* _Directions for this task_: Retype the listing exactly as it stands, and keep every image out.
*** Data ***
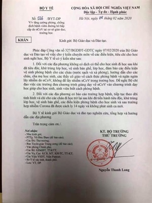 Đặc biệt, cũng tại công văn này, Bộ Y tế đề nghị Bộ GD&ĐT chỉ đạo các trường đưa nội dung về nCoV vào chương trình dạy học giúp cho học sinh, sinh viên biết cách phòng bệnh. Đối với các địa phương có báo cáo trường hợp bệnh, tiếp tục theo dõi tình hình và chỉ cho học sinh đi học trở lại sau khi đã tiến hành tiêu độc, khử trùng lớp học, vệ sinh bàn ghế, các điều kiện phòng bệnh cho học sinh và sau trường hợp nhiễm Corona đã được cách ly 14 ngày, không phát sinh ca mới. Được biết, đến thời điểm hiện tại, đã có 63/63 tỉnh, thành phố cho phép kéo dài thời gian nghỉ học của học sinh thêm ít nhất là 1 tuần tính từ ngày 10.2 để phòng, chống dịch bệnh do virus corona gây ra.
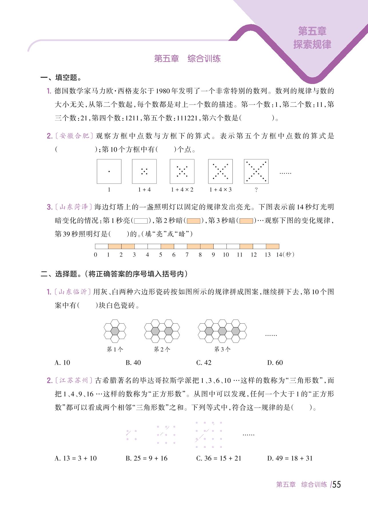 【2022版小学数学新颖题专练】专项知识点五 探索规律 综合训练
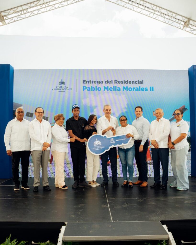 Santo Domingo. – El presidente de la República, Luis Abinader, junto al ministro de Vivienda y Edificaciones (MIVED), Carlos Bonilla, encabezó este jueves la entrega de 95 nuevos apartamentos en el Residencial Pablo Mella Morales II en Pedro Brand, del municipio Santo Domingo Oeste.
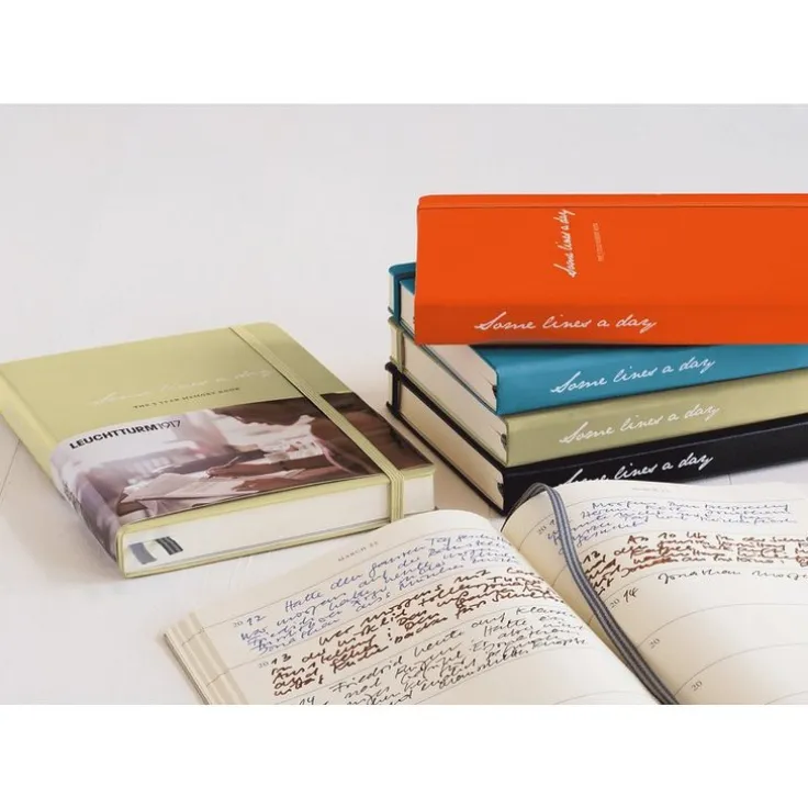 ”Some lines a day” – En 5-årsdagbok i A5-format. Skriv några rader varje dag och skapa din egen personliga dagbok. 365 sidor. FSC-certifierat och ”ink-proof”-papper. Innerficka, märkband. Hård pärm med elastiskt band. Självhäftande etiketter för märkning och arkivering. Mått: 145 x 210 mm
*** End of Data ***
* _Answer space_:
 Đặc biệt, cũng tại công văn này, Bộ Y tế đề nghị Bộ GD&ĐT chỉ đạo các trường đưa nội dung về nCoV vào chương trình dạy học giúp cho học sinh, sinh viên biết cách phòng bệnh. Đối với các địa phương có báo cáo trường hợp bệnh, tiếp tục theo dõi tình hình và chỉ cho học sinh đi học trở lại sau khi đã tiến hành tiêu độc, khử trùng lớp học, vệ sinh bàn ghế, các điều kiện phòng bệnh cho học sinh và sau trường hợp nhiễm Corona đã được cách ly 14 ngày, không phát sinh ca mới. Được biết, đến thời điểm hiện tại, đã có 63/63 tỉnh, thành phố cho phép kéo dài thời gian nghỉ học của học sinh thêm ít nhất là 1 tuần tính từ ngày 10.2 để phòng, chống dịch bệnh do virus corona gây ra.
 【2022版小学数学新颖题专练】专项知识点五 探索规律 综合训练
 Santo Domingo. – El presidente de la República, Luis Abinader, junto al ministro de Vivienda y Edificaciones (MIVED), Carlos Bonilla, encabezó este jueves la entrega de 95 nuevos apartamentos en el Residencial Pablo Mella Morales II en Pedro Brand, del municipio Santo Domingo Oeste.
 ”Some lines a day” – En 5-årsdagbok i A5-format. Skriv några rader varje dag och skapa din egen personliga dagbok. 365 sidor. FSC-certifierat och ”ink-proof”-papper. Innerficka, märkband. Hård pärm med elastiskt band. Självhäftande etiketter för märkning och arkivering. Mått: 145 x 210 mm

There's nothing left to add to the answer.